RECORDS SUPPLIED below:
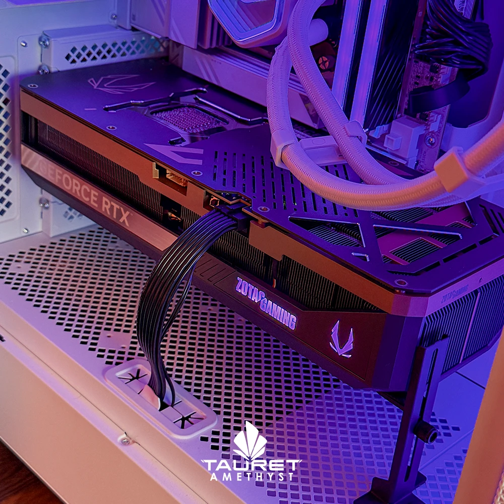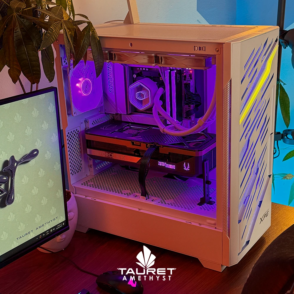 El Tauret Amethyst TA194 está diseñado para quienes buscan máximo rendimiento sin compromisos, tanto en gaming de última generación como en cargas profesionales exigentes. Integra el AMD Ryzen™ 9 9900X3D, un procesador de alto nivel con tecnología avanzada orientada a maximizar el rendimiento en juegos y multitarea, acompañado por la Zotac Gaming GeForce RTX 5090 SOLID de 32GB GDDR7, una de las GPUs más potentes del mercado, preparada para ofrecer desempeño extremo en cualquier escenario gráfico.
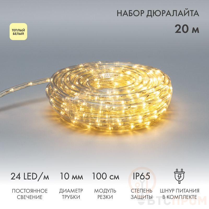 Дюралайт LED теплого белого свечения – это прозрачная герметичная трубка из ПВХ, внутри которой расположены яркие светодиоды – 24 элемента на 1 метр длины. Благодаря герметизации по стандарту IP65, изделие защищено от проникновения пыли и влаги – может использоваться как в помещении, так и на улице. В наборе 20-метровый дюралайт, питающий кабель с диодным мостом. Модуль резки изделия 1 метр.
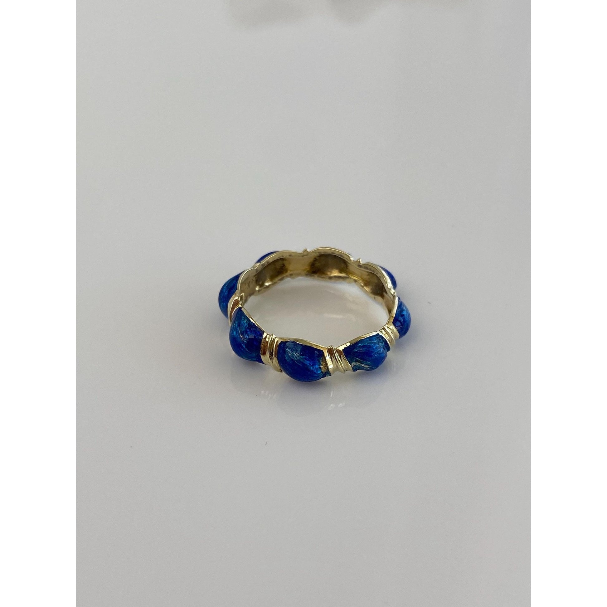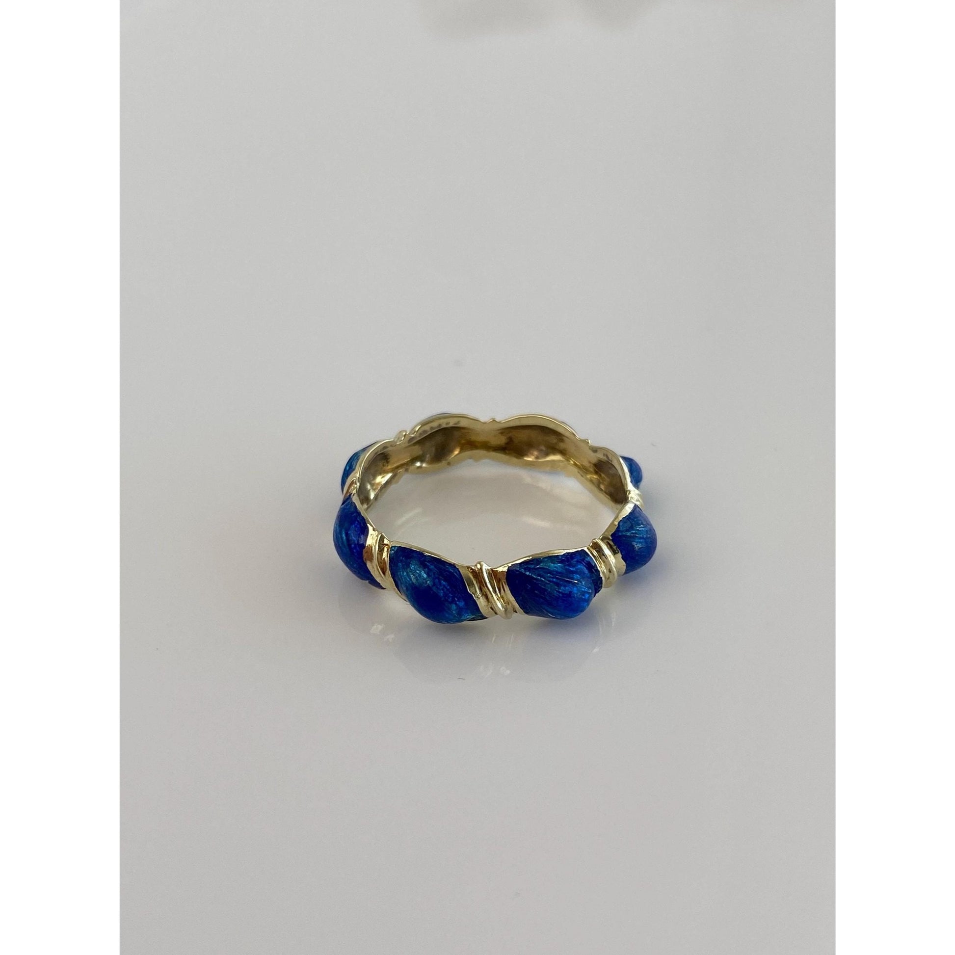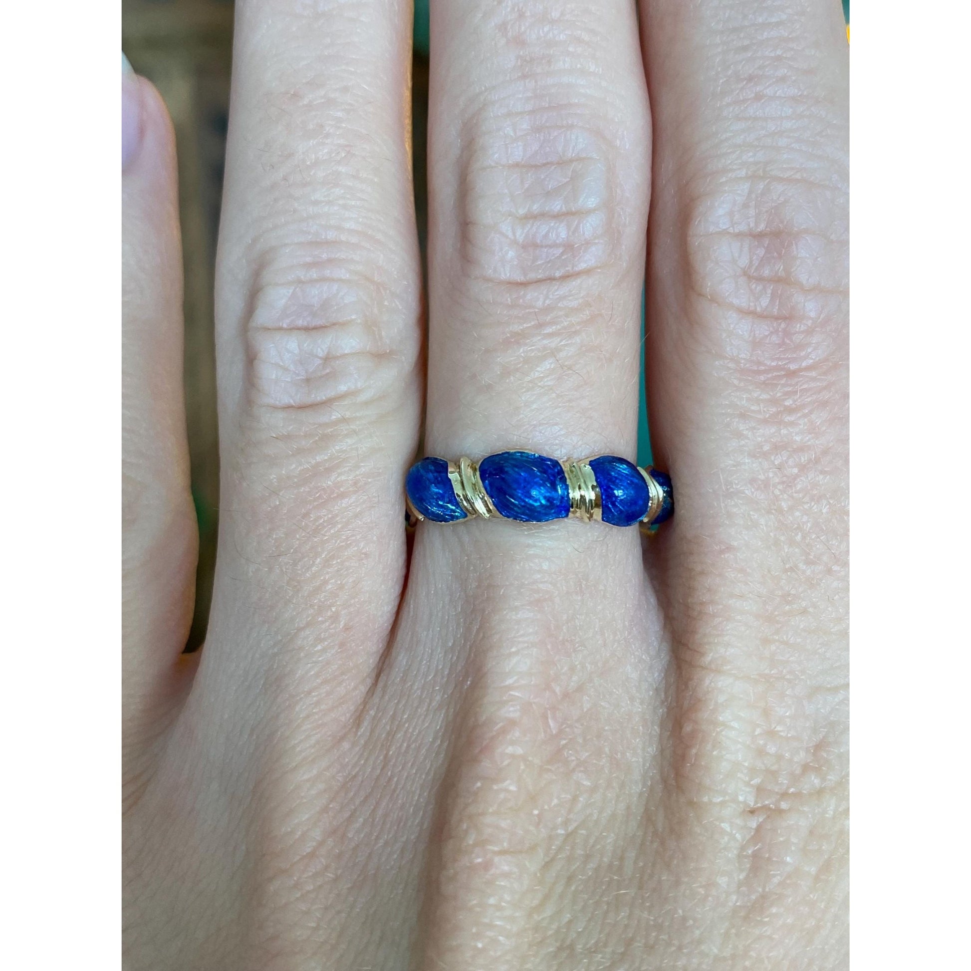 Vintage Solid 14k Yellow Gold Blue Enamel Ring Band - Size 7.25
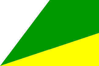 Flag: Rectangular flag, with proportions 2:3, made of two triangles with a common vertex in lower hoist and the two other in the midpoint of the upper edge of the flag and in mid fly, the triangle at hoist white and the lower triangle yellow, all over a green quadrilateral.
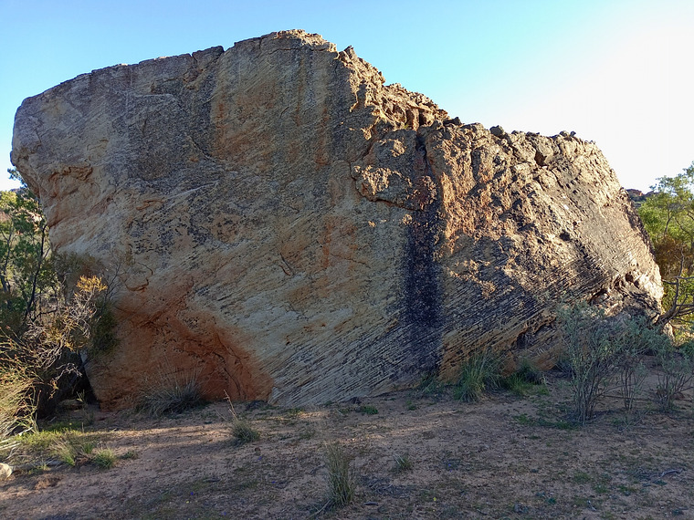Start on good flake at the left of the boulder. Head straight up and slightly right to top out.
End of RECORDS SUPPLIED.
REQUIREMENT: The reply is to be all the records above, transcribed exactly, with no pictures.

TASK ANSWER:
 El Tauret Amethyst TA194 está diseñado para quienes buscan máximo rendimiento sin compromisos, tanto en gaming de última generación como en cargas profesionales exigentes. Integra el AMD Ryzen™ 9 9900X3D, un procesador de alto nivel con tecnología avanzada orientada a maximizar el rendimiento en juegos y multitarea, acompañado por la Zotac Gaming GeForce RTX 5090 SOLID de 32GB GDDR7, una de las GPUs más potentes del mercado, preparada para ofrecer desempeño extremo en cualquier escenario gráfico.
 Дюралайт LED теплого белого свечения – это прозрачная герметичная трубка из ПВХ, внутри которой расположены яркие светодиоды – 24 элемента на 1 метр длины. Благодаря герметизации по стандарту IP65, изделие защищено от проникновения пыли и влаги – может использоваться как в помещении, так и на улице. В наборе 20-метровый дюралайт, питающий кабель с диодным мостом. Модуль резки изделия 1 метр.
 Vintage Solid 14k Yellow Gold Blue Enamel Ring Band - Size 7.25
 Flag: Rectangular flag, with proportions 2:3, made of two triangles with a common vertex in lower hoist and the two other in the midpoint of the upper edge of the flag and in mid fly, the triangle at hoist white and the lower triangle yellow, all over a green quadrilateral.
Start on good flake at the left of the boulder. Head straight up and slightly right to top out.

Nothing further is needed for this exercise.